The reflector is on the telescope!

A few days ago we reached a huge milestone for the South Pole Telescope. 43 days after we arrived, the reflector has been installed on the telescope. My internet connection is about to die, so I've got to leave it at that, but I promise more later!

More later: so this was a really big deal for us. To begin with, Steve, Tom, Jeff, Joaquin and I had spent the better part of the past 7 months working on the reflector in some form or fashion, including a multi-month test build in +100F East Texas Summer. More recently were the 2000 man-hours of work involved in assembling the reflector here at the Pole. Of course none of this would matter if we didn't have a telescope to put the reflector on, so let us not forget our rock-solid iron crew, led by Erik "Grande" "Baby" Nichols. Not only do these men and women work wonders with 5 ton pieces of steel in -60F weather, but also consistently risk social humiliation by hanging out with us beakers (south pole for "scientists"). They are a very fun group of people and are, 4000 man-hours later, responsible for building the bulk of the South Pole Telescope.

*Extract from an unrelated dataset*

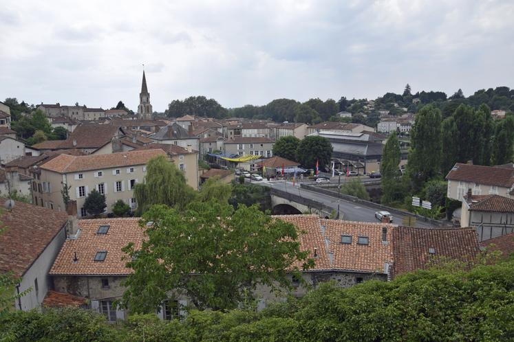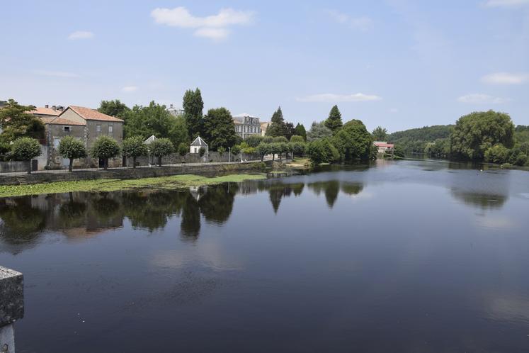 Square Jules-Halgand. C’est toujours le point de départ de la visite de Confolens. D’abord, parce que le nom de la ville vient de là : à cet endroit où le Goire rencontre la Vienne, c’est la confluence des deux rivières. Ensuite parce que la commune entretient un rapport étroit avec l’eau et les rivières. La Vienne a l’air calme en apparence, mais elle peut devenir tumultueuse. Avec son fond plat, elle peut monter très vite. Lors d’une crue historique de 1944, elle avait débordé de 5 mètres 30. L’actuelle place Henri-Coursaget (entre les halles et l’hôtel de ville) était inondée à moitié.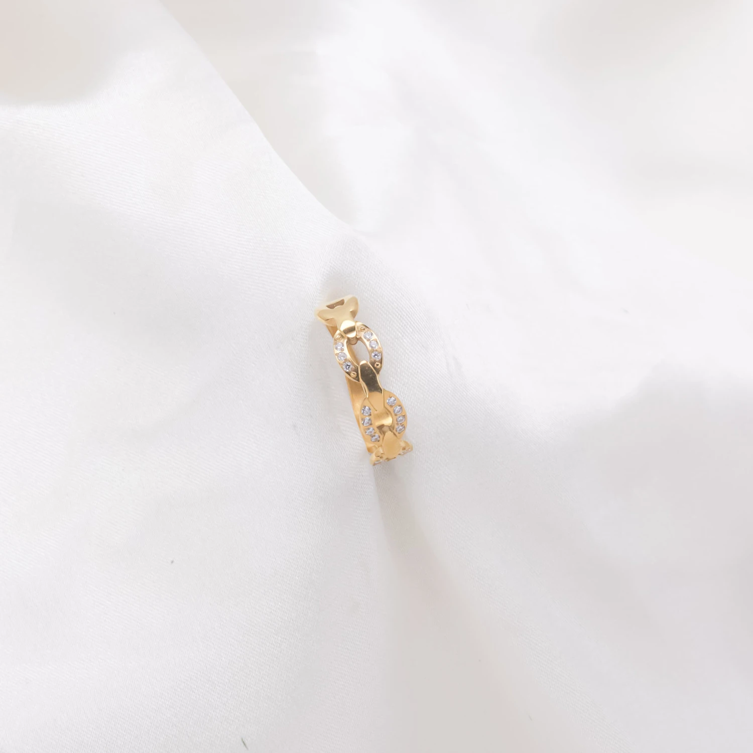 MATERIAL:Base Metal: Stainless SteelPlating: 18k Gold ToneType of Stone: Cubic ZirconiaStone Color: WhiteDETAILS & DIMENSIONS:Ring Type: Minimal RingsWeight: 2.2 gmNet Quantity: 1

Due to the impressive logistical and managerial skills of the higher-ups (such as Steve Padin), the telescope and reflector were finished within days of each other. What followed was a multi-step, multi-day lift of the reflector onto the telescope. Here are some photos of the lift.

The reflector is lifted from the adapter cone (which, for those of you who know a little about materials with extremely low coefficients of thermal expansion, is supposedly one of the largest pieces of invar in the world).

The adapter cone is lifted onto the telescope.

The big day arrives. About 40 people -- SPT people, iron workers, station managers, photographers, film makers -- were present at the lift. The two crane lift was captured nicely in this photo by Jerry Marty. That's Jeff, Tom and me on the left, doing what we do best.

And we're done! Iron worker Brian Hardin rightfully celebrates the flawlessly executed lift.